Banking regulators are closely watching the evolution of AI and its relationship to banking. While there are no banking regulations specifically targeted at AI yet, the Consumer Financial Protection Bureau (CFPB) issued guidance last September regarding banks that utilize AI and related complex modelling in their consumer credit decision-making processes.[2] The CFPB guidance warns that precautions are necessary to protect consumer access to nondiscriminatory credit decisions given the continued surge in AI use for consumer credit decisions—and its concomitant algorithms, machine learning and voluminous data processing. The CFPB made clear that banks must be able to specifically explain their reasons for denial. The decision must be tailored to the action and there is no special exemption for artificial intelligence. The CFPB's guidance further reiterated banks must comply with the Equal Credit Opportunity Act and Regulation B by providing accurate and specific explanations when they take adverse actions against consumers, regardless of AI use that may, by nature, be difficult to explain.  While this guidance focuses on adverse action notices, it also highlights the importance of using AI as a decision-making tool with proper checks and balances, rather than relying on it explicitly.  As pointed out in the recently released report on AI from the US Department of Treasury[3], like all emerging technologies, the use of artificial intelligence poses risks to the banking industry. The wise bank management team will be the one that moves into the realm of AI armed with sound policies, procedure and processes and well-trained employees, ready to identify and mitigate the risks posed by this exciting technology.

Use Cases

Assessing the benefits and drawbacks of adopting a more extensive enterprise AI strategy is step one in that expansion and execution. As banks contemplate making moves in this space, delving into practical use cases that our team has been exposed to can provide invaluable insights for decision-making. By examining current use models, executives can make well-informed decisions customized to their banking institution’s unique requirements, thus maximizing any capital expenditures. Use cases do not cover every possibility, they simply demonstrate a variety of ways in which AI is currently being used enhancing value across a banking institution.

  1. Customer Experience
    • Data-driven AI, which can allow micro-segmenting of existing customers and prospective customers, enables banks to better predict preferences and behaviors, providing tailored solutions that foster deeper engagement, opportunities for cross-selling and avenues for innovation.
  2. Service
    • Advancements like conversational bots handling basic inquiries or "smile-to-pay" identification for seamless transactions are enhancing customer service. Bots can also harness historical data to provide personalized discussions, including social media, and provide operational efficiencies using call center patterns and calculating to the second customer wait times. Additionally on the service side, SSO (single sign-on) applications using AI enhanced authenticators are being used to improve security protocols.
  3. Collections
    • AI has the potential to boost efficiencies and develop proactive strategies to assist both customers and lenders. Banks can capitalize on customer data to detect early warning signs of potential delinquencies and defaults, anticipate reasons why customers may fall behind on payments and provide tailored solutions to prevent such occurrences.
  4. Underwriting
    • Combining robotic process automation with machine learning models and a range of data sources can speed up the loan underwriting process and enhance risk evaluation.
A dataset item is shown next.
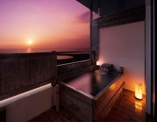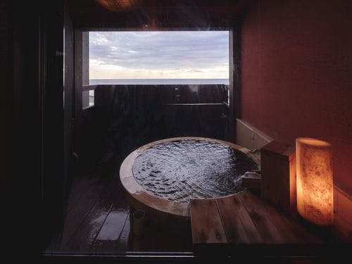 西伊豆の浜辺に佇む隠れ宿。眺望抜群の露天風呂付客室が大人気!ビーチまで徒歩10秒♪

Automating tasks such as document scanning and manual data collection streamlines the process of gathering pertinent information. Machine learning models can then analyze data from multiple sources to precisely assess borrowers' risk profiles, enabling quicker loan decisions.
  5. Compliance
    • Banks can enhance efficiencies and reduce costs by harnessing AI to automate labor-intensive procedures and swiftly identify changes to the regulatory landscape, ensuring continual compliance. Further, machine learning models may spot consumer compliance issues, trends and patterns unseen by even the keenest human compliance review team.
  6. Risk
    • Fraud detection stands as the most utilized application of AI in banking today. Banks are experiencing the advantages of such applications, not only through decreased losses and more streamlined resource allocation, but also in terms of customer experience. For example, credit card companies utilize transaction and authorization data to enhance the precision and speed of fraud prediction and detection. By minimizing false positives, fewer legitimate transactions are halted, thereby enhancing the overall customer experience.

AI Readiness

Market research entity Avanade reports that 92% of organizations will need to shift to an AI-first operating model by the end of 2024 to keep pace with competitors. [4] Further, the IAPP-EY Privacy Governance Report of 2023 shows AI rocketing to the top of list for most important strategic priorities in privacy for the future. [5]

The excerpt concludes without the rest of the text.